Theatre of the Mind: Erin Hart’s Haunted Ground

Erin Hart‘s Haunted Ground is not a new book but rather a work published nearly a decade ago. Nonetheless it intrigued me as an audiobook so I asked the publicist at the digital publishing arm of Random Hose and he sent along a download link. I had read it quite some time ago and was curious as to how it translated as a Theatre of the Mind experience.

As my review said, ‘Erin Hart’s first novel, Haunted Ground, weaves a tight but complex tale of how the head of a red-headed woman found in a bog by a farmer cutting peat to heat his home gets tangled up in both history and myth, as reflected in the minds of those involved in solving this case — and those who don’t want the puzzle solved. Was she murdered? Oh, yes — decapitated quite efficiently. But who murdered her? And why? Was it millennia ago? Or was it but a few years ago? (Bogs preserve organic material for very long periods.) And who now knows what happened to her?

As I just noted, Haunted Ground begins when a farmer cutting turf in the west of Ireland makes a grisly discovery: the perfectly preserved severed head of a beautiful young woman with long red hair. Called out to the bog to investigate, Irish archeologist Cormac Maguire and American pathologist Nora Gavin are thrown together by their shared curiosity about her fate.(And mutual attraction to each other as well — no surprise.) Imbuing her with a status out of myth itself, Cormac will name her, in Gaelic, calin rau, making her more than merely a dead girl. She is, in a real sense, representative of the whole history of Ireland. Was she killed by a Druid priest? A murderous husband? A stranger from elsewhere?
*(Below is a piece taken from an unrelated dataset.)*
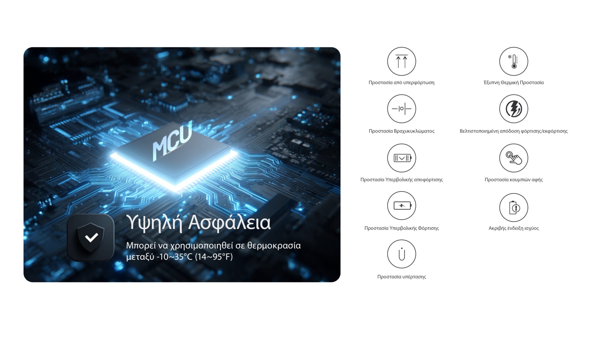Σχεδιασμένο με πολλαπλή αδιάβροχη προστασία, εσωτερικά και εξωτερικά και με πλήκτρο αφής (Touch Button) για καλύτερη ασφάλεια. Σας προσφέρει αξιοπιστία και ασφάλεια, με το ενσωματωμένο MCU και τα διπλά θερμίστορ NTP για συνεχή παρακολούθηση θερμοκρασίας, ενώ έχει προστασία από υπερφόρτιση, υπέρταση, βραχυκύκλωμα, υπερθέρμανση και άλλα.
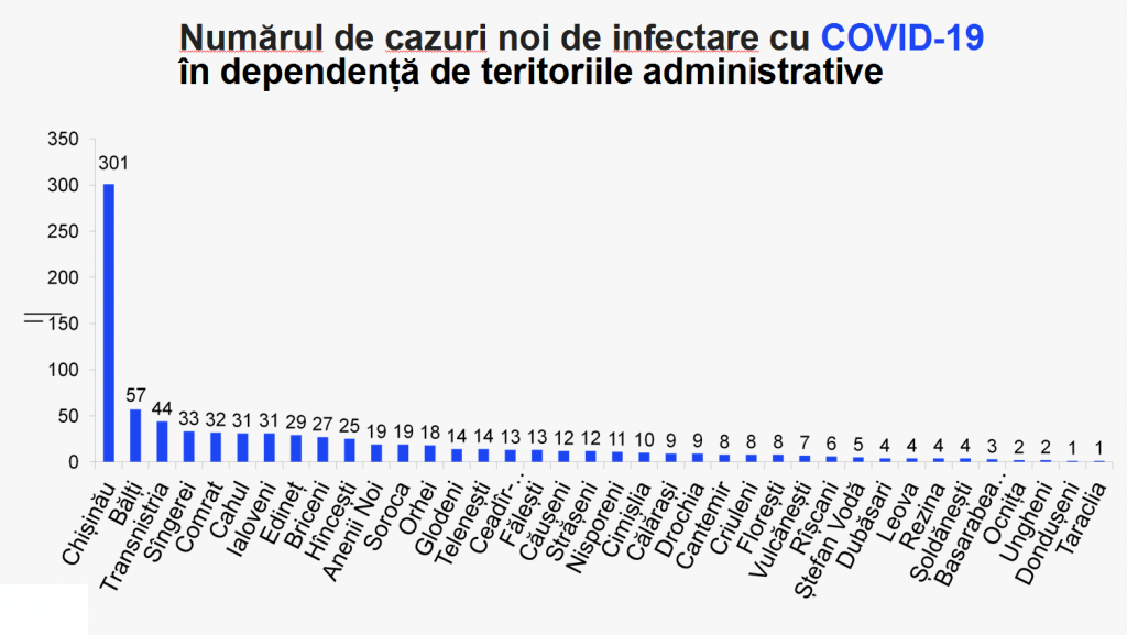 Din numărul total de cazuri, 10 sunt în rândul lucrătorilor medicali: (2-medici, 4-asistenți medicali, 4-personal auxiliar).

I haven’t listened to anything set in Ireland so I want to note that it helps that Hart’s married to Paddy O’Brien, whom we reviewed in the guise of Chulrua whose CD, Barefoot on the Altar, we’ve reviewed. Though it’s just a bit of a stretch as regards believability, all three of the characters looking into the matter of the myriad mysteries in this book are Irish traditional musicians! Not ‘tall surprisingly, there are great Irish music seisiúns here!

Ok, I’ve now listened to about four hours of this Haunted Ground so I can now say that the narrator, Jennifer McMahon, does an absolutely perfect job of capturing both the individuals in the story and the setting of the story, the latter being the rural West country and its very long and tortured history. The only biographic information on her comes from, surprise not, the website of Erin Hart: ‘Jennifer McMahon’ is actually a stage name of Rosalyn Landor, a multi-talented actress with extensive theater, film, and television credits, who really brings the stories to life. (Mystery fans might be pleased to know that Roz has appeared in Rumpole of the Bailey and The Adventures of Sherlock Holmes, starring Jeremy Brett. And for all you sci-fi fans, she was also in an episode of Star Trek: The Next Generation.’ I thought given how well she did at capturing Irish accents that she’d be Irish born and raised but she’s actually London born and bred! That role on Star Trek: The Next Generation was a red-haired Irish cailín named Brenna Odell who had her hair washed by Will Riker starting at her feet!

All in all, I’m quite enjoying this work and am certainly looking forward to the sequel, Lake of Sorrows as it’s got a better than average mystery, great narration, and is a fascinating look at a aspect of Irish culture most often overlooked.